The perception of Bird's Eye View (BEV) has become a widely adopted approach in 3D object detection due to its spatial and dimensional consistency. However, the increasing complexity of neural network architectures has resulted in higher training memory, thereby limiting the scalability of model training. To address these challenges, we propose a novel model, RevFB-BEV, which is based on the Reversible Swin Transformer (RevSwin) with Forward-Backward View Transformation (FBVT) and LiDAR Guided Back Projection (LGBP).
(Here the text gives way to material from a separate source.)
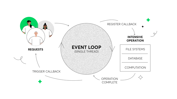 The avalanche of requests and data coming from IoT devices does not block Node.js web servers thanks to their event-driven architecture and asynchronous processing suitable for I/O-heavy operations on the IoT network. This makes Node.js fast as an application layer between these devices and databases used to store data originating from them.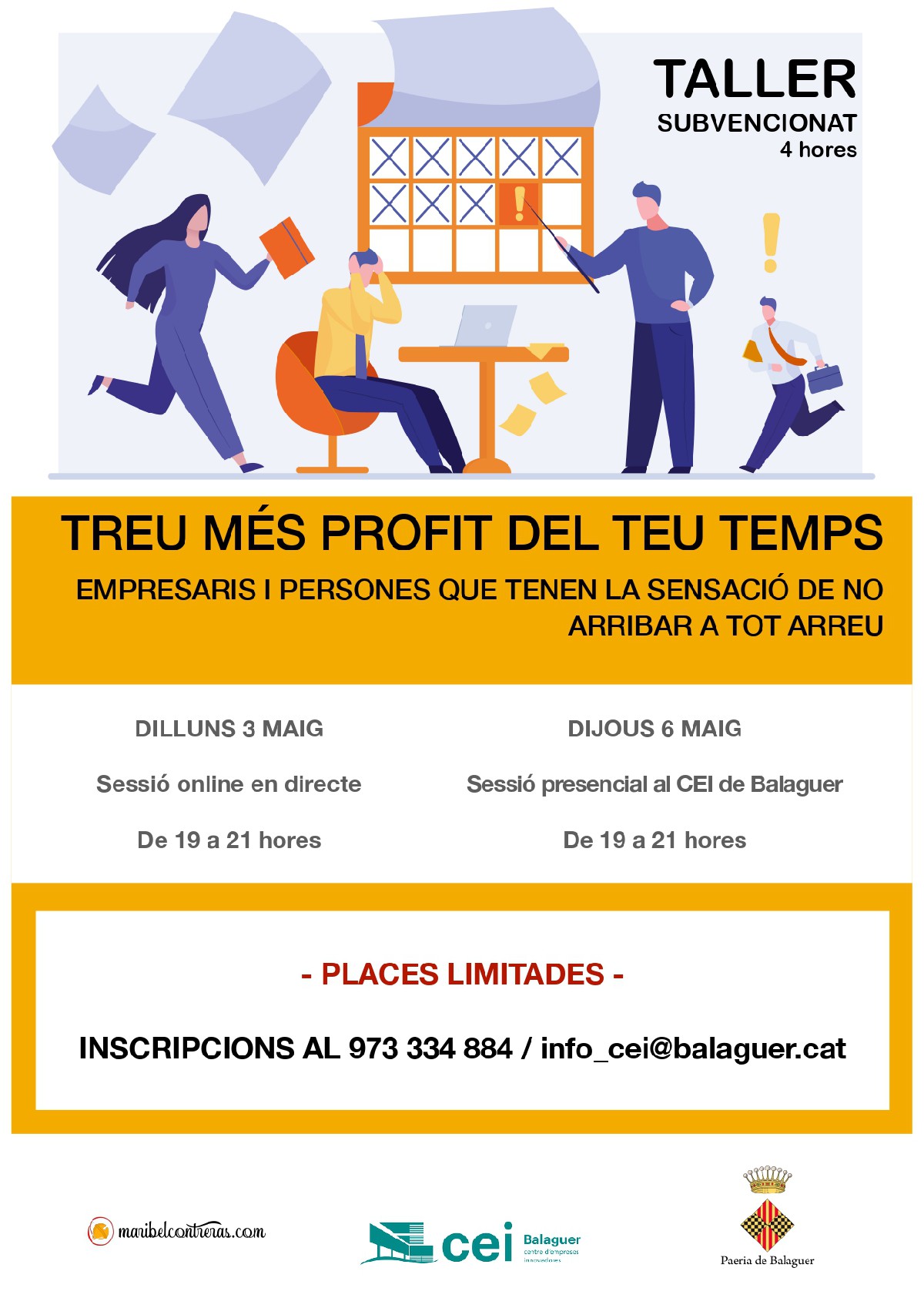El CEI Balaguer organitza dos cursos gratuïts: TREU MÉS PROFIT DEL TEU TEMPS I CURS D'HABILITATS DE COMUNICACIÓ ON-LINE

This approach includes the RevSwin backbone network, which employs a reversible architecture to minimise training memory by recomputing intermediate parameters. Moreover, we introduce the FBVT module that refines BEV features extracted from forward projection, yielding denser and more precise camera BEV representations. The LGBP module further utilises LiDAR BEV guidance for back projection to achieve more accurate camera BEV features. Extensive experiments on the nuScenes dataset demonstrate notable performance improvements, with our model achieving over a $4 \times$ reduction in training memory and a more than $12 \times$ decrease in single-backbone training memory. These efficiency gains become even more pronounced with deeper network architectures. Additionally, RevFB-BEV achieves 68.1 mAP (mean Average Precision) on the validation set and 68.9 mAP on the test set, which is nearly on par with the baseline BEVFusion, underscoring its effectiveness in resource-constrained scenarios.

Abstract Image

查看原文本刊更多论文

RevFB-BEV：具有可逆Swin变压器的内存高效网络，用于3D BEV目标检测

鸟瞰图（BEV）因其空间和维度的一致性而成为三维目标检测中广泛采用的一种方法。然而，随着神经网络结构复杂度的不断提高，训练内存的要求越来越高，从而限制了模型训练的可扩展性。为了解决这些挑战，我们提出了一种新的模型，RevFB-BEV，它基于可逆Swin变压器（RevSwin），具有前向后视图变换（FBVT）和激光雷达制导反向投影（LGBP）。该方法包括RevSwin骨干网，该骨干网采用可逆结构，通过重新计算中间参数来最小化训练记忆。此外，我们还引入了FBVT模块，该模块对前向投影提取的BEV特征进行细化，从而获得更密集、更精确的相机BEV表示。LGBP模块进一步利用LiDAR BEV引导进行反向投影，以实现更精确的相机BEV功能。在nuScenes数据集上的大量实验证明了显着的性能改进，我们的模型在训练内存中实现了超过4 × 4\times $的减少，在单骨干训练内存中实现了超过12 × 12\times $的减少。随着网络架构的深入，这些效率的提升变得更加明显。此外，RevFB-BEV在验证集上达到68.1 mAP (mean Average Precision)，在测试集上达到68.9 mAP，几乎与基线BEVFusion相当，强调了其在资源受限场景下的有效性。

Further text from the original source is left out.